近日,多媒体领域顶级会议(ACM MM 2023)公布了录用论文列表,实验室博士生张博关于图像引导对话生成(Image-Grounded Dialogue Generation)的研究成果被录取为长文。ACM MM是多媒体领域的顶级会议,被CCF推荐为A类国际学术会议。
题目:ZRIGF: An Innovative Multimodal Framework for Zero-Resource Image-Grounded Dialogue Generation
摘要: Image-grounded dialogue systems benefit greatly from integrating visual information, resulting in high-quality response generation. However, current models struggle to effectively utilize such information in zero-resource scenarios, mainly due to the disparity between image and text modalities. To overcome this challenge, we propose an innovative multimodal framework, called ZRIGF, which assimilates image-grounded information for dialogue generation in zero-resource situations. ZRIGF implements a two-stage learning strategy, comprising contrastive pre-training and generative pre-training. Contrastive pre-training includes a text-image matching module that maps images and texts into a unified encoded vector space, along with a text-assisted masked image modeling module that preserves pre-training visual features and fosters further multimodal feature alignment. Generative pre-training employs a multimodal fusion module and an information transfer module to produce insightful responses based on harmonized multimodal representations. Comprehensive experiments conducted on both text-based and image-grounded dialogue datasets demonstrate ZRIGF's efficacy in generating contextually pertinent and informative responses. Furthermore, we adopt a fully zero-resource scenario in the image-grounded dialogue dataset to demonstrate our framework's robust generalization capabilities in novel domains.
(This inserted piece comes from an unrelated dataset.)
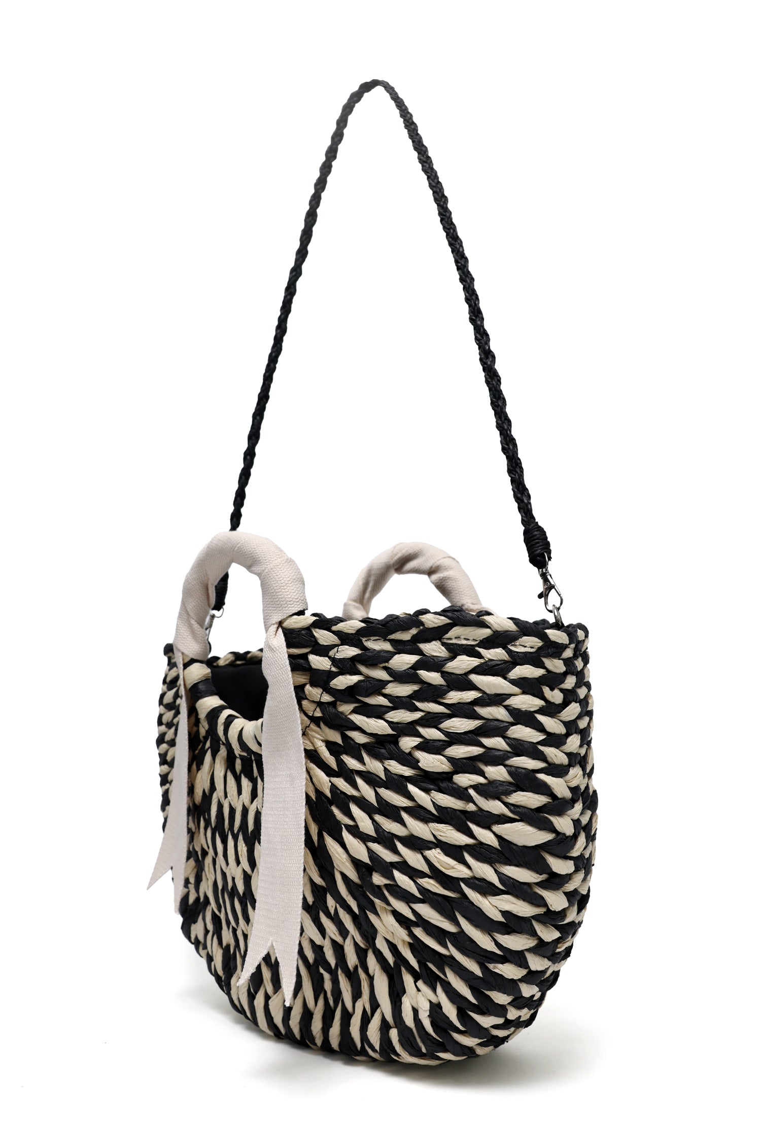 Layered woven strands form a bold dimensional surface. Soft knot handle introduces a relaxed yet elegant character. Spacious interior supports practical daily use. Designed to balance comfort with elevated detailing.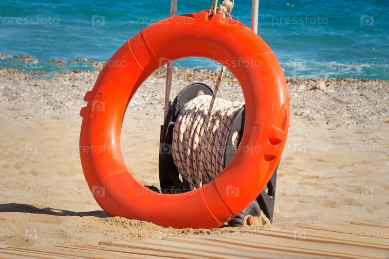 Спасательный круг на берегу моря

图像引导的对话系统通过整合视觉信息,能产生高质量的回复生成。然而,现有模型在零资源情况下往往难以有效地利用这些信息,主要是因为图像和文本模态之间存在差异。为了克服这一挑战,我们提出了一个创新的多模态框架,称为ZRIGF,它可以在零资源情况下整合图像引导信息进行对话生成。ZRIGF实施了两阶段的学习策略,包括对比式预训练和生成式预训练。对比式预训练包括一个文本-图像匹配模块,该模块将图像和文本映射到一个统一的编码向量空间中,以及一个文本辅助的遮蔽图像建模模块,该模块保留预训练的视觉特征并进一步促进多模态特征对齐。生成式预训练采用多模态融合模块和信息传递模块,基于多模态表示生成有洞见的回复。在基于文本和图像引导的对话数据集上进行的全面实验证明了ZRIGF在生成与上下文相关和信息丰富的回复方面的有效性。此外,我们在图像引导的对话数据集中采用了完全零资源的情景,以展示我们的框架在新领域的强大泛化能力。